The example is available on the Mathworks File Exchange: Simple TCP/IP Socket Comms Example

I'm working on a little TCP/IP comms library at the moment using these techniques. It will provide a nice layer of abstraction and allow you to use Sockets as you would in other programming languages (as well as one can in a single thread). Keep an eye out for it on the File Exchange.

Interpreted Java?

Amazingly we can execute Java code, even from within the Command Window without the need to compile.
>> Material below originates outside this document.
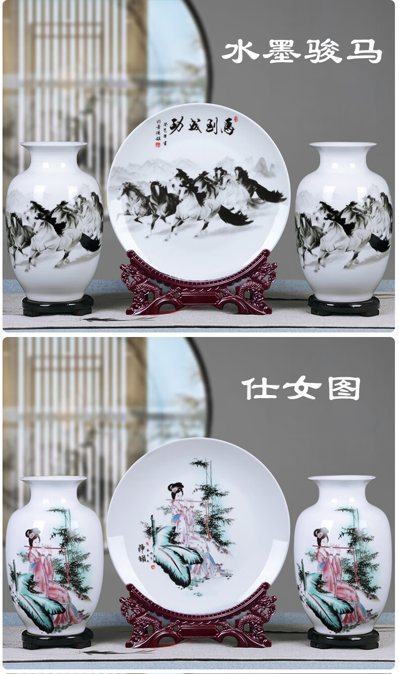 景德镇时尚现代简约陶瓷三件套花瓶插干花器客厅家居装饰品电视柜玄关酒柜工艺品摆件
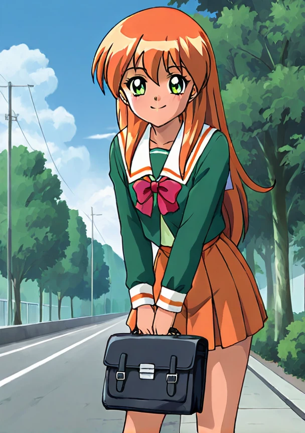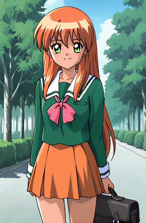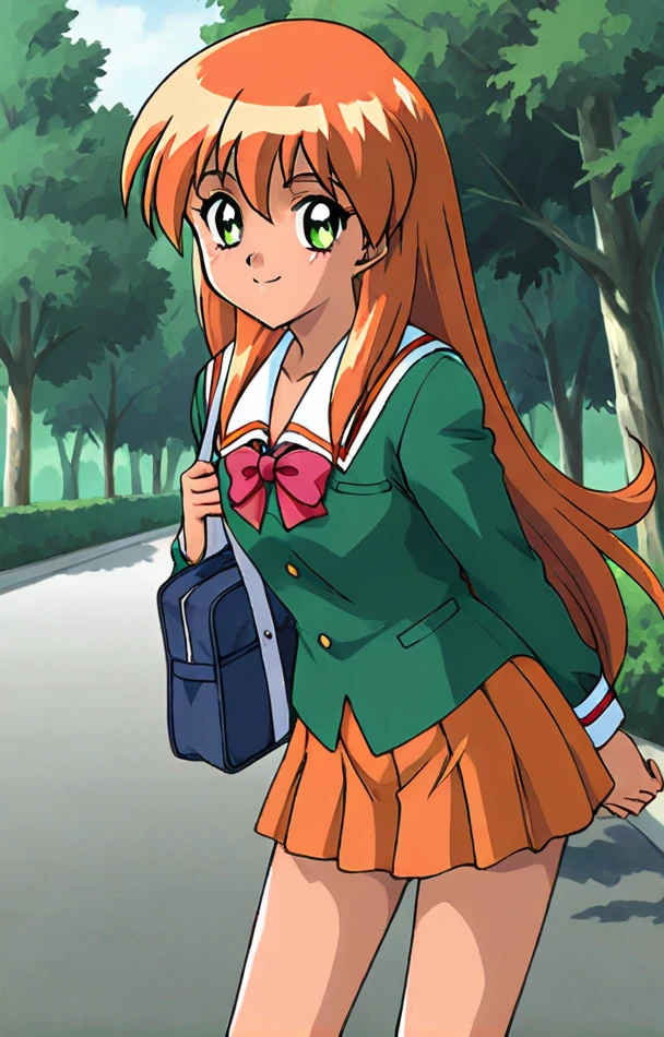 <lora:Homura Akai_Tokimeki_Memorial 2 v1:0.8>Homura Akai,1girl, solo, green eyes, long hair, orange hair, smile, retro artstyle

For example, the traditional example:
>> import java.lang.*
>> System.out.println('Hello World')
Hello World
To perform socket communications, we utilise the Java Socket and Input/OutputStream classes to pass data around via TCP/IP sockets.

On the server side we use (unsurprisingly) a ServerSocket, which once a client has been accepted, provides a Socket around which we wrap a DataOutputStream to which we can write data.

On the client side we use a Socket to connect to the specified host and port which provides us an InputStream which we wrap in a DataInputStream to read data from.

The code for the example server and client is outlined below.

client.m
% CLIENT connect to a server and read a message
%
% Usage - message = client(host, port, number_of_retries)
function message = client(host, port, number_of_retries)

import java.net.Socket
import java.io.*

if (nargin <>
number_of_retries = 20; % set to -1 for infinite
end

retry = 0;
input_socket = [];
message = [];

while true

retry = retry + 1;
if ((number_of_retries > 0) && (retry > number_of_retries))
fprintf(1, 'Too many retries\n');
break;
end

try
fprintf(1, 'Retry %d connecting to %s:%d\n', ...
retry, host, port);

% throws if unable to connect
input_socket = Socket(host, port);

% get a buffered data input stream from the socket
input_stream = input_socket.getInputStream;
d_input_stream = DataInputStream(input_stream);

fprintf(1, 'Connected to server\n');

% read data from the socket - wait a short time first
pause(0.5);
bytes_available = input_stream.available;
fprintf(1, 'Reading %d bytes\n', bytes_available);

message = zeros(1, bytes_available, 'uint8');
for i = 1:bytes_available
message(i) = d_input_stream.readByte;
end

message = char(message);

% cleanup
input_socket.close;
break;

catch
if ~isempty(input_socket)
input_socket.close;
end

% pause before retrying
pause(1);
end
end
end

server.m
% SERVER Write a message over the specified port
%
% Usage - server(message, output_port, number_of_retries)
function server(message, output_port, number_of_retries)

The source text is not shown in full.